Мать вздыхает, явно недовольная, но признаёт поражение. У меня начинает болеть живот. Она единственная, кто точно знает, что я собой представляю, на что я способна и как легко меня сломать. Я «измеряю свою ценность по её любви», по словам доктора Финли, психотерапевта, который посоветовал мне принять свои ошибки, а также ошибки людей из моего прошлого, и двигаться дальше.

Я думала, что поняла.

Я думала, что так и сделала.

Чёрт, я думала, что, забросав Маккенну помидорами, скажу последнее «пошёл ты», которое должна была сказать своему прошлому.

Я была так, так неправа. Может быть, мне стоит подумать о том, чтобы вместо этого сказать что-нибудь другое.

— С тобой всё в порядке? Где ты? — настойчиво выясняет мать.

— Я в… Кентукки, — вру я.

— Ты обставляешь квартиру в Кентукки?

Я в волнении кусаю губу, гадая, знает ли она что-нибудь обо мне.

— Квартиру для холостяка. Я, как обычно, использую в декоре эклектику. Сталь, тёмные сорта древесины. Это просто офигенно.

— Следи за языком, — смеясь, укоряет она.

В итоге мы немного говорим. Она не идеальна, моя мама.
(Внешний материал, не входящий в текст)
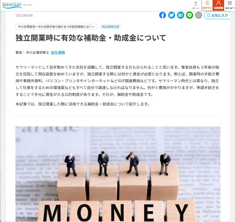 このたび、ビズオーシャン様のサイトにて「独立開業時に有効な補助金・助成金について」を執筆させていただきました。

Но она единственная, кто знает, как сильно я облажалась, и не оставила меня.

И она никогда не позволяет мне об этом забыть.

Потом я говорю с Магнолией.

— Я скучаю по тебе, Пэнни, у меня теперь сорок семь дел.

— Подожди, дай угадаю! Мы должны будем одеться как гориллы и бить себя в грудь, устроив представление на улицах?

— Нет! Это будет уже сорок восьмым!

Я счастливо улыбаюсь, но ко мне начинает медленно подкрадываться чувство вины, которое я обычно испытываю, когда счастлива.

Я облажалась. И Маккенна прав, я злюсь, в основном, на себя.

— Ты мой герой, Пан, — говорит Магнолия мечтательным голосом, как будто я действительно представляю собой нечто особенное.

— А ты — мой, — шепчу я. Она радостно пищит, посылает мне воздушные поцелуи, и мы заканчиваем разговор.

Я смотрю на свой браслет, затем засовываю телефон в задний карман и глубоко вздыхаю. Когда я, наконец, выхожу, девушки обосновались за столиком парней, а Тит уселась ровно на моём месте.

Мне не нравится внезапное чувство собственничества, которое я испытываю, когда вижу, что она занята разговором с Маккенной. Мне не нравится, насколько ревностно я отношусь к его глазам, его улыбке и руке, которую он небрежно положил на спинку сиденья… там, где только что сидела я. Внутри возникает непреодолимое желание пойти и сказать Тит, чтобы она убрала руку с плеча Маккенны и припарковала свою задницу где-нибудь в другом месте. Дерьмо. Я настолько превысила границы своей обычной вовлеченности в происходящее, что трясу головой и направляюсь к бару. Лучше держаться от него подальше.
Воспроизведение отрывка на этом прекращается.